Dataset excerpts:
:::::
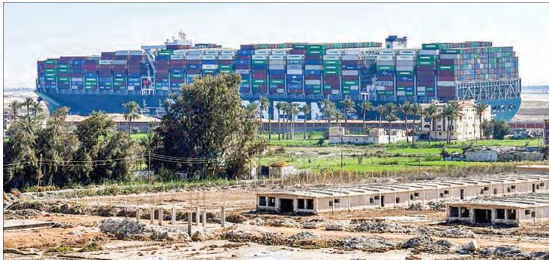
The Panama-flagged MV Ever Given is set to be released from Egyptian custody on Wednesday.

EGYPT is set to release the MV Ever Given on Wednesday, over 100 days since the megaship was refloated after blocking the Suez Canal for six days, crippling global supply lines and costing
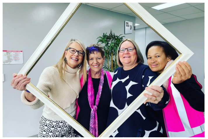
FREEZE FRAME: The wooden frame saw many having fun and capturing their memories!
:::::
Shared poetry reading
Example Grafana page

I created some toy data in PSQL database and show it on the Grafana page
:::::
For the string "Grafana", return every line of the data where it appears.

Result for this exercise:
Example Grafana page
I created some toy data in PSQL database and show it on the Grafana page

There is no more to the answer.